Co-localisation of K(ir)4.1 and AQP4 in rat and human cochleae reveals a gap in water channel expression at the transduction sites of endocochlear K(+) recycling routes.

Sensory transduction in the cochlea depends on perilymphatic-endolymphatic potassium (K(+)) recycling. It has been suggested that the epithelial supporting cells (SCs) of the cochlear duct may form the intracellular K(+) recycling pathway. Thus, they must be endowed with molecular mechanisms that facilitate K(+) uptake and release, along with concomitant osmotically driven water movements. As yet, no molecules have been described that would allow for volume-equilibrated transepithelial K(+) fluxes across the SCs.
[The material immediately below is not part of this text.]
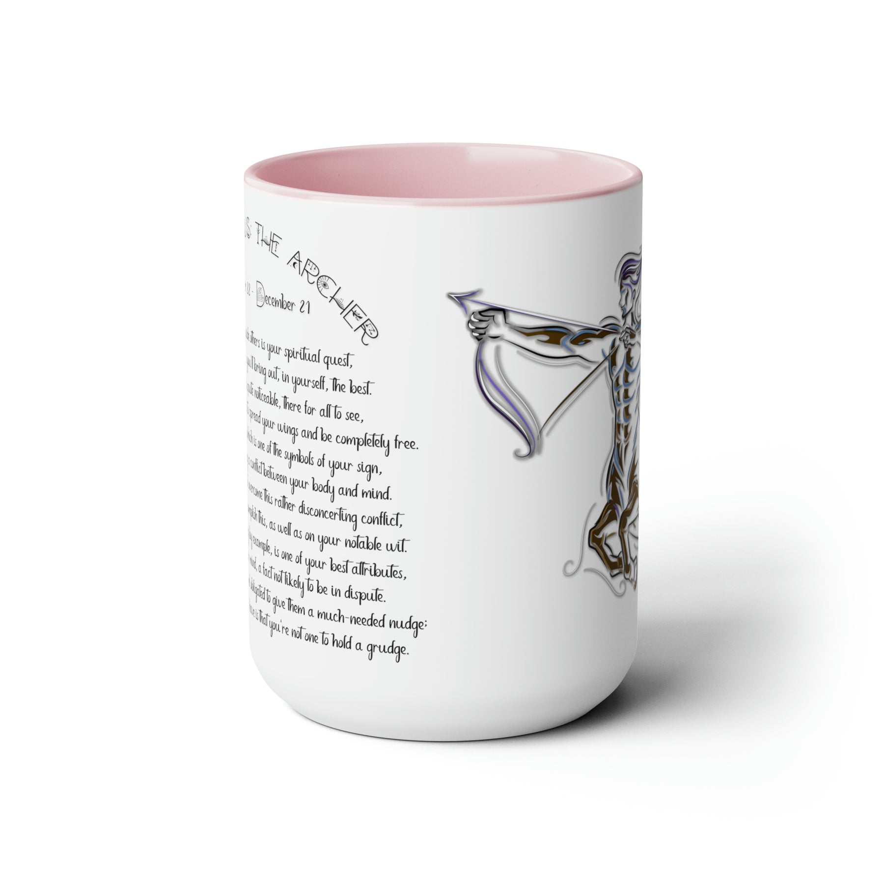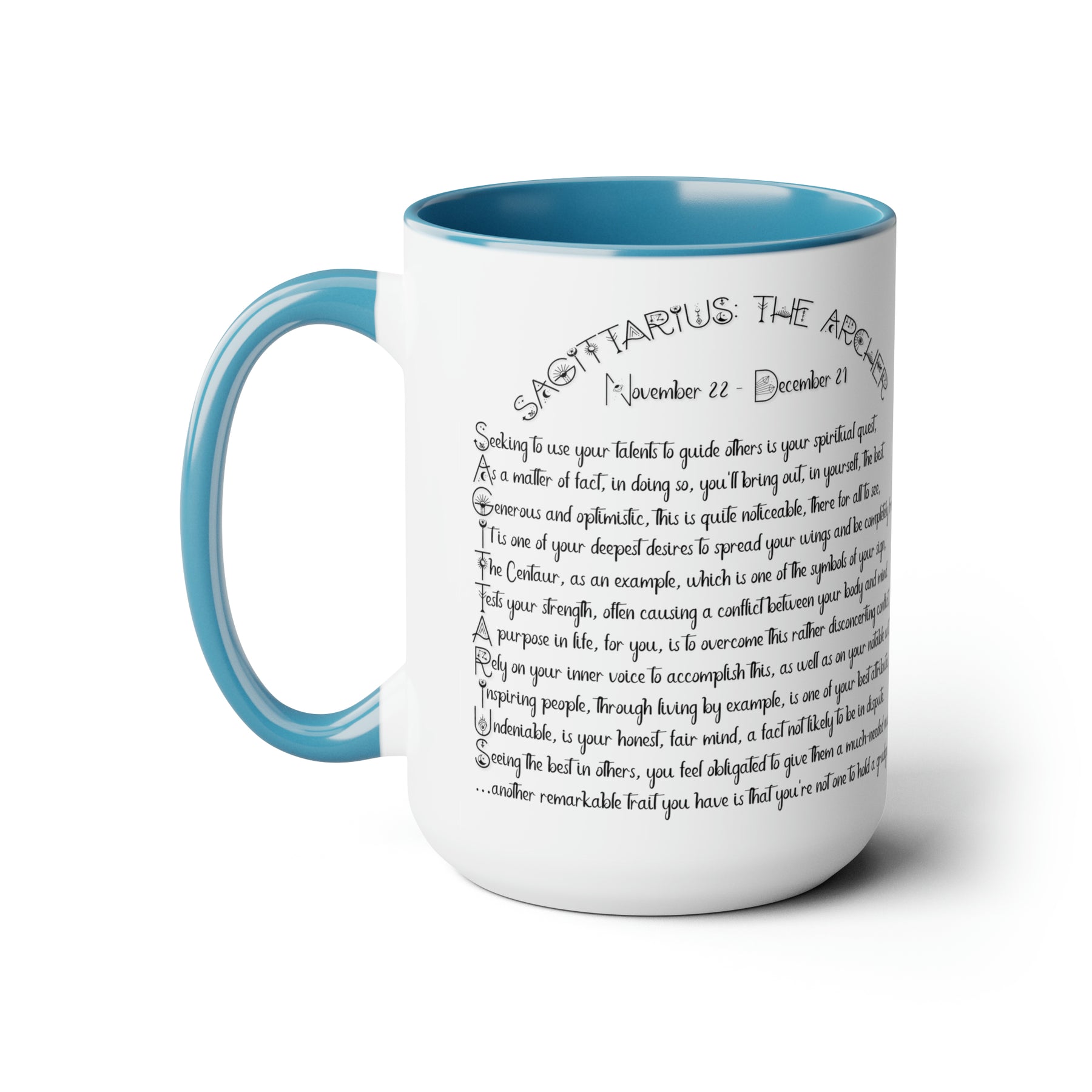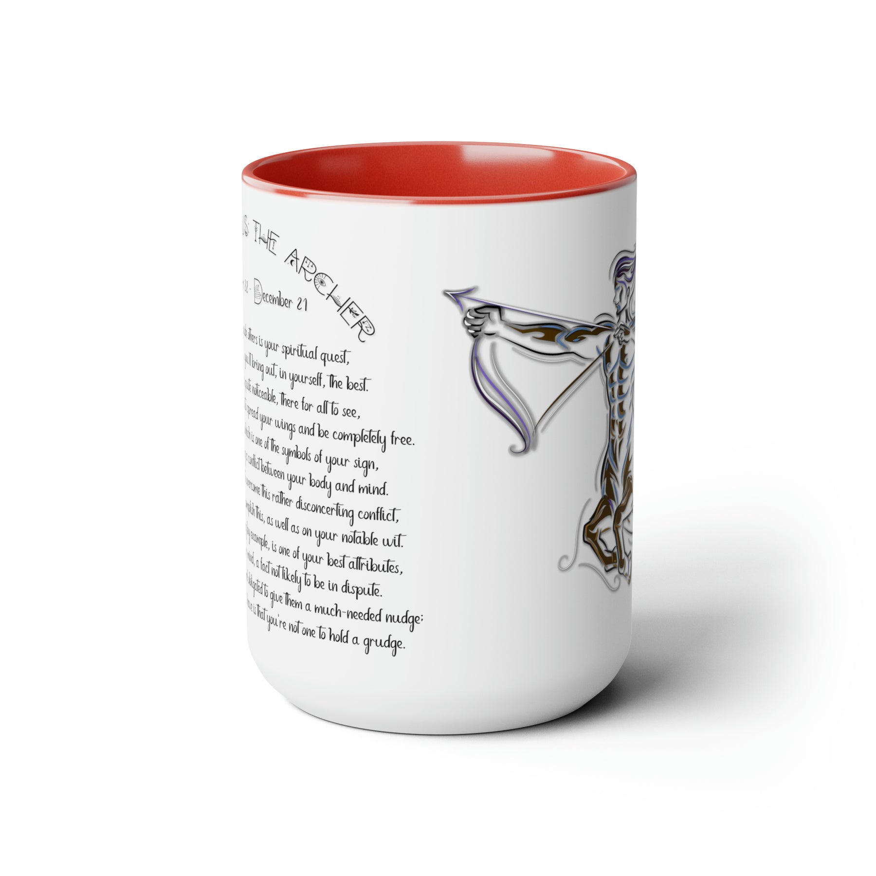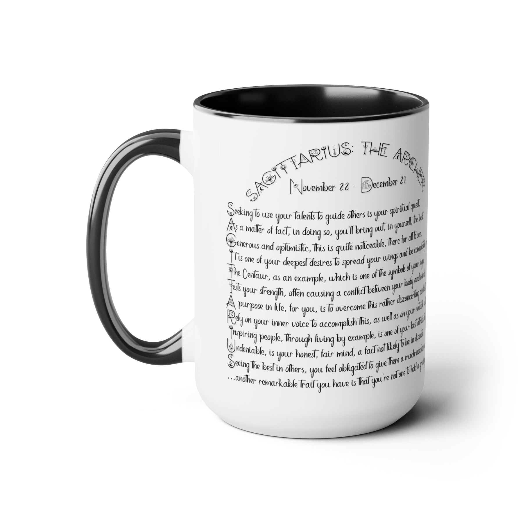 Here to bring big gulps of coffee and style, our Written in the Stars two-tone coffee mugs help people around the world start the day just right. This mug has an acrostic poem spelling out "Sagittarius" with traits and purpose included.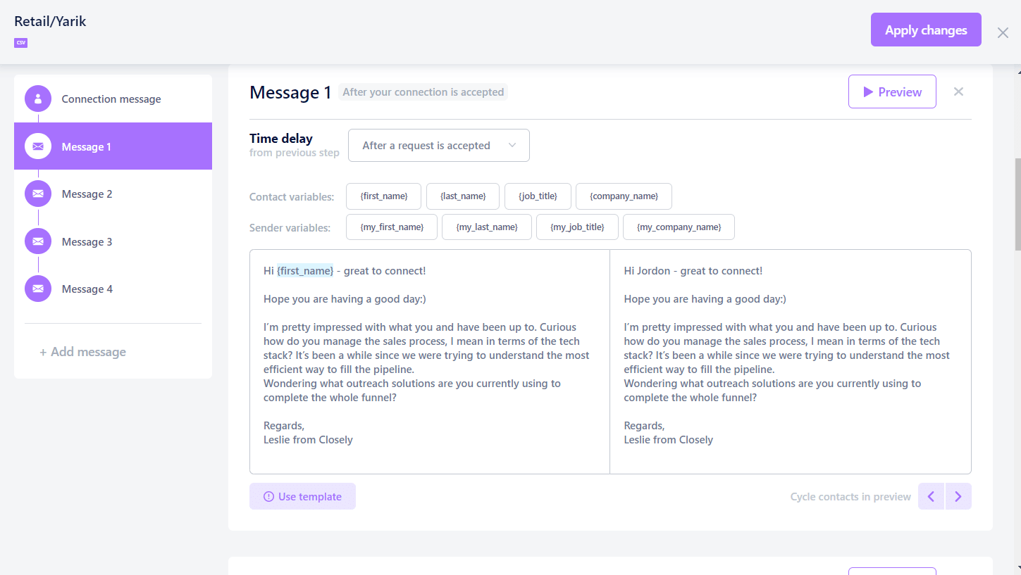 Just after the obvious time-saving advantage, Closely offers another extremely useful functionality – personalization. It offers to use variables to make your message sound personalized rather that robotic.

This study describes the subcellular co-localisation of the K(ir)4.1 K(+) channel (K(ir)4.1) and the aquaporin-4 water channel (AQP4) in SCs, on the basis of immunohistochemical double-labelling experiments in rat and human cochleae. The results of this study reveal the expression of K(ir)4.1 in the basal or basolateral membranes of the SCs in the sensory domain of the organ of Corti that are adjacent to hair cells and in the non-sensory domains of the inner and outer sulci that abut large extracellular fluid spaces. The SCs of the inner sulcus (interdental cells, inner sulcus cells) and the outer sulcus (Hensen's cells, outer sulcus cells) display the co-localisation of K(ir)4.1 and AQP4 expression. However, the SCs in the sensory domain of the organ of Corti reveal a gap in the expression of AQP4. The outer pillar cell is devoid of both K(ir)4.1 and AQP4. The subcellular co-localisation of K(ir)4.1 and AQP4 in the SCs of the cochlea described in this study resembles that of the astroglia of the central nervous system and the glial Mueller cells in the retina.